In addition to the DAC unlocking, DAC amortization in 2004
was reduced by $66 million in the first quarter as a result of
lengthening amortization periods for certain insurance and
annuity products in conjunction with our adoption of AICPA
SOP 03-1, Accounting and Reporting by Insurance Enterprises
for Certain Nontraditional Long-Duration Contracts and for
Separate Accounts.” Equity market conditions and other
factors resulted in increased amortization of DAC in 2005
compared to 2004, particularly for our growing variable annuity
business. Somewhat offsetting the impacts of these increases
was amortization of DAC associated with mutual funds, which
was down $33 million. Sales of the classes of mutual fund
shares for which we defer acquisition costs have declined
sharply in recent years, leading to lower DAC balances and
less DAC amortization.
The increase in interest and debt expense in 2005 primarily
reflects higher short-term interest rates during 2005 as
compared to 2004.
Separation costs incurred in 2005 of $293 million were
primarily associated with advisor and employee retention
programs, establishing the Ameriprise Financial brand and
separating and reestablishing our technology platforms.

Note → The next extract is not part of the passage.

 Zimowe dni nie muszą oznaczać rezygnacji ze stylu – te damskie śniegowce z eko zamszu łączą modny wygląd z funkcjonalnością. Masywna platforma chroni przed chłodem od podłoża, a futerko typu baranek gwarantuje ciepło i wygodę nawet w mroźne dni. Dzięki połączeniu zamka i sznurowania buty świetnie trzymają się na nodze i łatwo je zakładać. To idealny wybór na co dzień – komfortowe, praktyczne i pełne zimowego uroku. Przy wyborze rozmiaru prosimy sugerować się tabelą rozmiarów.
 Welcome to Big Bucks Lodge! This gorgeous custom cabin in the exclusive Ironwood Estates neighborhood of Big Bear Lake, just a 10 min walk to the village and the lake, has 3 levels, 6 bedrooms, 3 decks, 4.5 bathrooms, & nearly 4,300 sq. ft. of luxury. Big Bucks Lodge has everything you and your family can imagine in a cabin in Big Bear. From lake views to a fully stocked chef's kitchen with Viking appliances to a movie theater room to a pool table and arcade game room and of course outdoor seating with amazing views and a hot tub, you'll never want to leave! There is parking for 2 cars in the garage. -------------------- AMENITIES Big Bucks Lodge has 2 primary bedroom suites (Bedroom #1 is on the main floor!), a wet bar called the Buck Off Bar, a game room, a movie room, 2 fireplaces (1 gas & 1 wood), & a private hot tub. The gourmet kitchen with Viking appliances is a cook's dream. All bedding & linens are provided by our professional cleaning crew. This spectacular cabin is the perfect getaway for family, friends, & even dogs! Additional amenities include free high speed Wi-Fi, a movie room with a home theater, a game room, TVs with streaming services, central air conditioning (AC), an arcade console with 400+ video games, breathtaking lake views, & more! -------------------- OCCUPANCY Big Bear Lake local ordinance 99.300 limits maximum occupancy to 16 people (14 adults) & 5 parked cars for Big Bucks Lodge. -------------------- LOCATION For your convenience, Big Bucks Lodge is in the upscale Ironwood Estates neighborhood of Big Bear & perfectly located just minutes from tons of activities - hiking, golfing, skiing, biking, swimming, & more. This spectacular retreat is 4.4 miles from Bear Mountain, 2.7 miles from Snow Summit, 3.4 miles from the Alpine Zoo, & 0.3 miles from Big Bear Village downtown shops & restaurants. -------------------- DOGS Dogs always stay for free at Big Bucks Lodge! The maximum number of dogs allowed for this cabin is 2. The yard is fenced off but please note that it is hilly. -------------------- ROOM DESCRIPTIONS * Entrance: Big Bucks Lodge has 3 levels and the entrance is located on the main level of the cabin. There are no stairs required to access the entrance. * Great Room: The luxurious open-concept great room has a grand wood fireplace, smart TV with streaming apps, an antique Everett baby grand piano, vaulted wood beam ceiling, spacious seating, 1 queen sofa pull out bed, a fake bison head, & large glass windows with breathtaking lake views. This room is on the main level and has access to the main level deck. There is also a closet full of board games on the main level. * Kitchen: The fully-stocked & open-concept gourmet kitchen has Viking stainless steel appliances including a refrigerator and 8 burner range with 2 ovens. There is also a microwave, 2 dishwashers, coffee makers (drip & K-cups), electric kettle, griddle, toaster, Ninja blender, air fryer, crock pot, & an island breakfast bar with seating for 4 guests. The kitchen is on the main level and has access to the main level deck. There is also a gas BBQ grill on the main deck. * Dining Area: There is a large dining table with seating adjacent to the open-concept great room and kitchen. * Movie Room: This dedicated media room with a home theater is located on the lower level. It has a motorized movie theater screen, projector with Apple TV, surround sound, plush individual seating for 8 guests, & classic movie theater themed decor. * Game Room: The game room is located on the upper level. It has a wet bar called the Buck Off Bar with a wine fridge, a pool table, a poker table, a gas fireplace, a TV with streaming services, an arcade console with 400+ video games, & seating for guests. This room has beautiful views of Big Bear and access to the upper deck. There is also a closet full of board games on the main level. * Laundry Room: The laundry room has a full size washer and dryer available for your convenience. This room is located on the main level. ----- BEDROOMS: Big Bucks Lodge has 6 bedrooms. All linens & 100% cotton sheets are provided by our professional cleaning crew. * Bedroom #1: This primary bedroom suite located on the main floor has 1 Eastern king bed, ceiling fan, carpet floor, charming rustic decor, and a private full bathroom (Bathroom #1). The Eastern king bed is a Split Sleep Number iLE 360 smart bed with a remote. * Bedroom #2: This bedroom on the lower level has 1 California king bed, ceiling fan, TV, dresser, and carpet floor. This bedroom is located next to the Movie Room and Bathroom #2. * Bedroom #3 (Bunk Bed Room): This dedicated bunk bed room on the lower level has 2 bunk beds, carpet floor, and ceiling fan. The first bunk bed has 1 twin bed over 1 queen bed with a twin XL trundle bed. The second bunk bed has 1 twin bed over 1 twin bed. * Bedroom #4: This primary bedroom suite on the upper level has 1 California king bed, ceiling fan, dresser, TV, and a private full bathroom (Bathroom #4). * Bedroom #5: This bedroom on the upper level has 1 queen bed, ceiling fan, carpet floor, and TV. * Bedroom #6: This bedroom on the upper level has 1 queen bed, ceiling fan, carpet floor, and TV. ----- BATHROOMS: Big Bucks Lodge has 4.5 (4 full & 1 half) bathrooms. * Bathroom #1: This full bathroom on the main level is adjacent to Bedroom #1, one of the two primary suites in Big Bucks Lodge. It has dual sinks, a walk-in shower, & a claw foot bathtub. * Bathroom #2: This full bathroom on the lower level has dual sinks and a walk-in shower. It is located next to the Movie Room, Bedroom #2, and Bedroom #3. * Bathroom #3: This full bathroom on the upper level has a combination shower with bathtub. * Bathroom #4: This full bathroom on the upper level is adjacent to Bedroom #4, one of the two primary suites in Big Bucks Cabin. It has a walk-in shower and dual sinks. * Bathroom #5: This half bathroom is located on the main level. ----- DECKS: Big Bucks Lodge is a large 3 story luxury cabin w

Other expenses in 2005 included $100 million related to the
comprehensive settlement of a consolidated securities class
action lawsuit. Also included in 2005 are costs related to
mutual fund industry regulatory matters of approximately
$40 million, compared to approximately $80 million of similar
costs incurred in 2004. See Note 24 to our Consolidated
Financial Statements for additional information.
Income Taxes
The effective tax rate was 25.1% for the year ended
December 31, 2005 compared to 25.8% for the year ended
December 31, 2004. The lower effective tax rate and income
taxes in 2005 relative to 2004 are principally due to the
impact of relatively lower levels of pretax income compared to
tax-advantaged items in 2005. Additionally, taxes applicable to
prior years represent a $20 million tax expense in 2005 and a
$20 million tax benefit in 2004.
40 Ameriprise Financial, Inc. 2006 Annual Report
Results of Operations by Segment
Year Ended December 31, 2005 Compared to Year Ended December 31, 2004
The following tables present summary financial information by segment and reconciliation to consolidated totals derived from Note 27
to our Consolidated Financial Statements for the years ended December 31, 2005 and 2004:
Years Ended December 31,
Percent Share Percent Share
2005 of Total 2004 of Total
(in millions, except percentages)
Total revenues
Asset Accumulation and Income $ 5,350 71 % $ 4,960 71 %
Protection 1,948 26 1,919 27
Corporate and Other 212 3 151 2
Eliminations (26) (3) —
Consolidated total revenues $ 7,484 100 % $ 7,027 100 %
Total expenses
Asset Accumulation and Income $ 4,634 69 % $ 4,231 72 %
Protection 1,495 22 1,416 24
Corporate and Other 636 9 271 4
Eliminations (26) (3) —
Consolidated total expenses $ 6,739 100 % $ 5,915 100 %
Pretax segment income (loss)
Asset Accumulation and Income $ 716 96 % $ 729 66 %
Protection 453 61 503 45
Corporate and Other (424) (57) (120) (11)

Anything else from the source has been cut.